Speed, Data Freshness, and Cost

Ingesting data into Snowflake started to lag, becoming slower and costlier due to Notion’s predominantly update-heavy workload. Traditional data warehouses optimized for insert-heavy tasks struggled with Notion's unique requirements.

Use Case Support

The complexity and volume of data transformation needed to support Notion's AI and search operations became too complicated for standard SQL interfaces.

Building and Scaling Notion’s In-House Data Lake

Given these challenges, we decided to build our own in-house data lake with the following objectives:

  • A repository capable of storing both raw and processed data at scale.

  • Efficient, scalable data ingestion, especially for update-heavy workloads.

  • Enabling AI, search, and other use cases requiring denormalized data.

Data Lake Design Principles

  1. Choosing a Data Repository and Lake
    We chose S3 as it aligned with our existing AWS stack and offered scalability, cost efficiency, and integration with various data processing engines.

  2. Processing Engine Choice
    Spark was selected as the processing engine due to its built-in functions for complex data processing, scalable architecture, and cost-efficiency as an open-source framework.

  3. Ingestion Approach
    We opted for a hybrid design: incrementally ingesting changed data most of the time, and periodically taking full snapshots to bootstrap tables in S3.

  4. Streamlining Incremental Ingestion
    Utilizing Kafka Debezium CDC connectors and Apache Hudi for data ingestion, we focused on managing our update-heavy workload effectively.

  5. Ingest Raw Data Before Processing
    By first ingesting raw data into S3, we established a singular source of truth and simplified debugging. Post-ingestion, this raw data was processed and denormalized as needed before transferring cleaned and structured data to downstream systems.

Operating Our Data Lake

After extensive testing and performance tuning, our setup using AWS EKS clusters, Kafka clusters, Deltastreamer, and Spark jobs has proven scalable and effective. Our CDC and Kafka setups stream i.e. Postgres changes, and the Hudi setup maintains data state with a minimal delay.

The Payoff

The transformation to using an in-house data lake has brought substantial financial and operational benefits:

  • Cost Savings: Moving critical datasets to the data lake saved over a million dollars in 2022 alone, with even higher savings projected for 2023 and 2024.

  • Efficiency: The time required for data ingestion decreased significantly—from over a day to just minutes for small tables and a couple of hours for larger ones.

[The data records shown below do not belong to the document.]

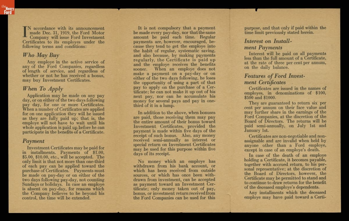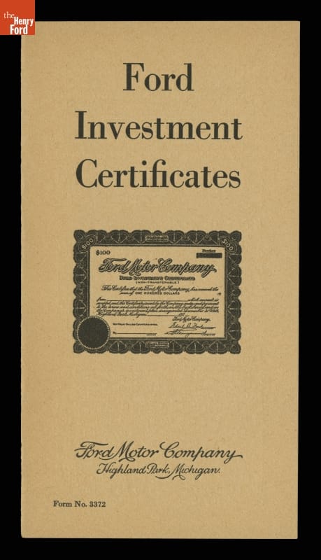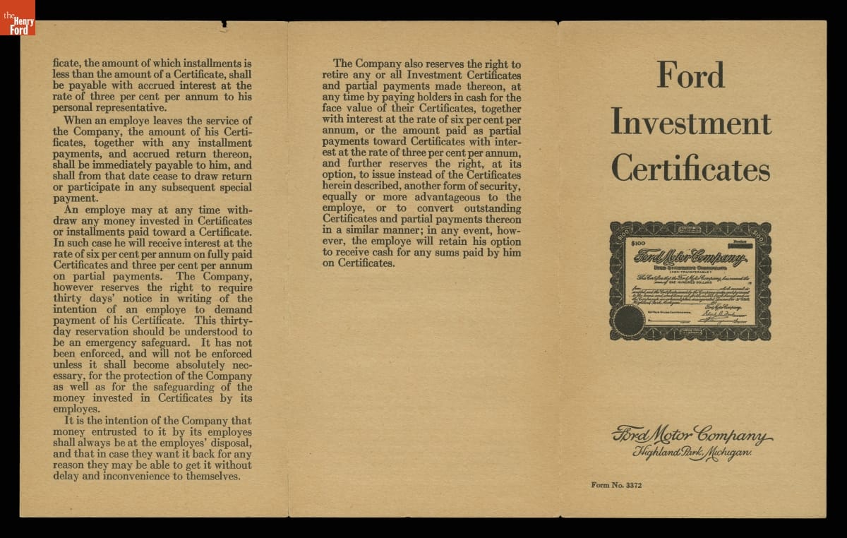 Ford Motor Company Employee Investment Certificates Brochure, 1920-1922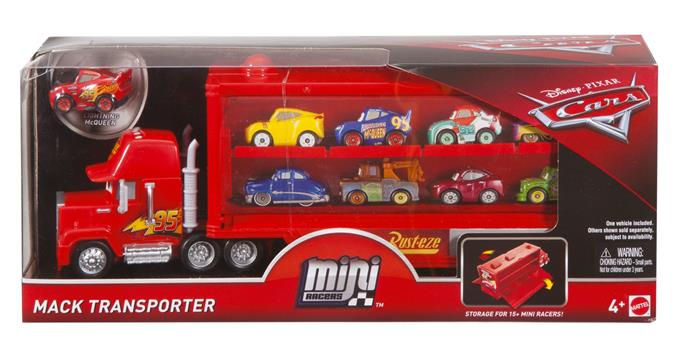 Zabierz metalowe minipojazdy Disney•Pixar w trasę i baw się dobrze razem ze znanym z filmu Mańkiem. Otwórz boczny panel, aby załadować do 12 wyścigówek lub zjedź nimi po rampie, by pędzić po zwycięstwo. Maniek świetnie się spisuje również jako zabawka do popychania! W zestawie 1 miniaturowy metalowy pojazd Zygzak McQueen, inne pojazdy są sprzedawane oddzielnie w zależności od dostępności.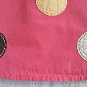 Gymboree girls size 5 coral colored lined tank top with bows on the shoulders, multi colored circles 3 have sequins sewn on, zipper closure on back, some fade
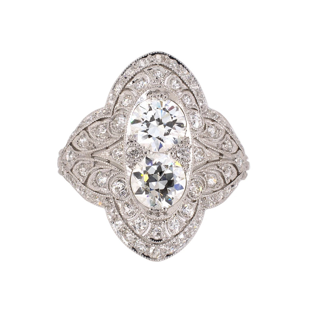 Estate Edwardian Diamond 2-Stone Dinner Ring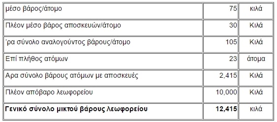 Το λεωφορείο που εξετάζουμε, μπορεί να ζυγίζει σε μέγιστη φόρτωση 16,000 κιλά δηλ. 10,000 κιλά απόβαρο και 6,000 κιλά ωφέλιμο φορτίο. Κατά το συμβάν είχε βάρος 12,415 κιλά που υπολογίστηκαν ως εξής: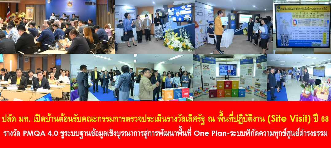 สำหรับการตรวจประเมินรางวัลเลิศรัฐ ณ พื้นที่ปฏิบัติงาน (Site Visit) ประจำปี 2568 ประเภทรางวัลคุณภาพการบริหารจัดการภาครัฐ 4.0 (PMQA 4.0) ในปีนี้ มีหน่วยงานในสังกัด มท. ที่ผ่านเข้ารอบ รวมทั้งสิ้น 56 ผลงาน มีหน่วยงานระดับกรม จำนวน 4 หน่วยงาน ได้แก่ กรมการพัฒนาชุมชน กรมการปกครอง กรมที่ดิน และสำนักงานปลัดกระทรวงมหาดไทย และหน่วยงานระดับจังหวัด จำนวน 12 จังหวัด ได้แก่ ขอนแก่น ตรัง ตราด ตาก นครราชสีมา นครศรีธรรมราช นนทบุรี ศรีสะเกษ สงขลา สระบุรี สุพรรณบุรี และสุรินทร์

  • Resilience: Re-syncing can be completed smoothly within 24 hours, not impacting live databases.

Looking Ahead

This change revolutionized our data storage and handling, facilitating the successful launch of Notion AI features in recent years. We continue to refine and enhance our data lake to support more advanced functionalities efficiently.
Remember these 3 key ideas for your startup:

  • Data Management: Efficiently managing and scaling your data infrastructure can transform operational efficiency and support advanced product capabilities (learn more).

  • Cost Efficiency: Exploring open-source solutions like Apache Spark and Hudi can lead to substantial cost reductions without compromising performance.

  • Future-Proofing: Building scalable infrastructure creates a robust foundation for future innovation, such as integrating AI and machine learning features.
    Edworking is the best and smartest decision for SMEs and startups to be more productive. Edworking is a FREE superapp of productivity that includes all you need for work powered by AI in the same superapp, connecting Task Management, Docs, Chat, Videocall, and File Management. Save money today by not paying for Slack, Trello, Dropbox, Zoom, and Notion.
    For more details, see the original source.

Further Reading

Stay tuned for additional posts detailing advanced functionalities built on top of our data lake, including our Search and AI Embedding RAG Infra!

article cover
About the Author: Mark Howell Linkedin

Mark Howell is a talented content writer for Edworking's blog, consistently producing high-quality articles on a daily basis. As a Sales Representative, he brings a unique perspective to his writing, providing valuable insights and actionable advice for readers in the education industry. With a keen eye for detail and a passion for sharing knowledge, Mark is an indispensable member of the Edworking team. His expertise in task management ensures that he is always on top of his assignments and meets strict deadlines. Furthermore, Mark's skills in project management enable him to collaborate effectively with colleagues, contributing to the team's overall success and growth. As a reliable and diligent professional, Mark Howell continues to elevate Edworking's blog and brand with his well-researched and engaging content.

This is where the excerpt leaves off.